Regular grammar
From Wikipedia, the free encyclopedia
In computer science a right regular grammar is a formal grammar (N, Σ, P, S) such that all the production rules in P are of one of the following forms:
- A → a - where A is a non-terminal in N and a is a terminal in Σ
- A → aB - where A and B are in N and a is in Σ
- A → ε - where A is in N and ε denotes the empty string, i.e. the string of length 0.
In a left regular grammar, all rules obey the forms
- A → a - where A is a non-terminal in N and a is a terminal in Σ
- A → Ba - where A and B are in N and a is in Σ
- A → ε - where A is in N and ε is the empty string.
An example of a right regular grammar G with N = {S, A}, Σ = {a, b, c}, P consists of the following rules
- S → aS
- S → bA
- A → ε
- A → cA
and S is the start symbol. This grammar describes the same language as the regular expression a*bc*.
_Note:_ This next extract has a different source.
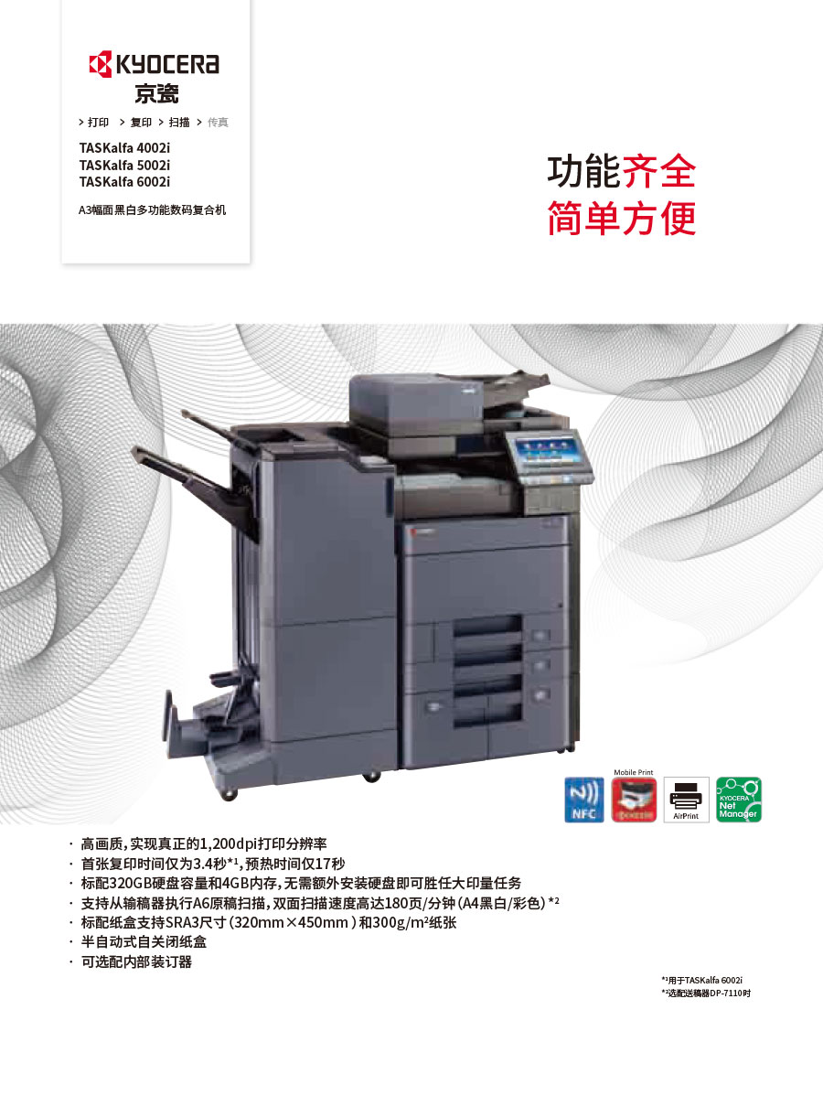 主要產(chǎn)品:KYOCERA京瓷激光打印機(jī),一體機(jī),復(fù)合機(jī),生產(chǎn)型彩色噴墨數(shù)碼印刷系統(tǒng)及辦公信息系統(tǒng)的開發(fā)、設(shè)計(jì)、系統(tǒng)集成

A regular grammar is a left regular or right regular grammar.
[edit] Introduction
The regular grammars describe exactly all regular languages and are in that sense equivalent to finite state automata and regular expressions. Moreover, the right regular grammars by themselves are also equivalent to the regular languages, as are the left regular grammars.
Every regular grammar is a context-free grammar.
Every context-free grammar can be easily rewritten into a form in which only a combination of left regular and right regular rules is used. Therefore, such grammars can express all context-free languages. Regular grammars, which use either left-regular or right-regular rules but not both, can only express a smaller set of languages, called the regular languages. In that sense they are equivalent with finite state automata and regular expressions. (for illustration: the paradigmatic context-free language with strings of the form aibi is generated by the grammar G with N = {S, A}, Σ = {a, b}, P with the rules
- S → aA
- A → Sb
- S → ε
and S being the start symbol. Note that this grammar has both left-regular and right-regular rules and is therefore not regular any more.)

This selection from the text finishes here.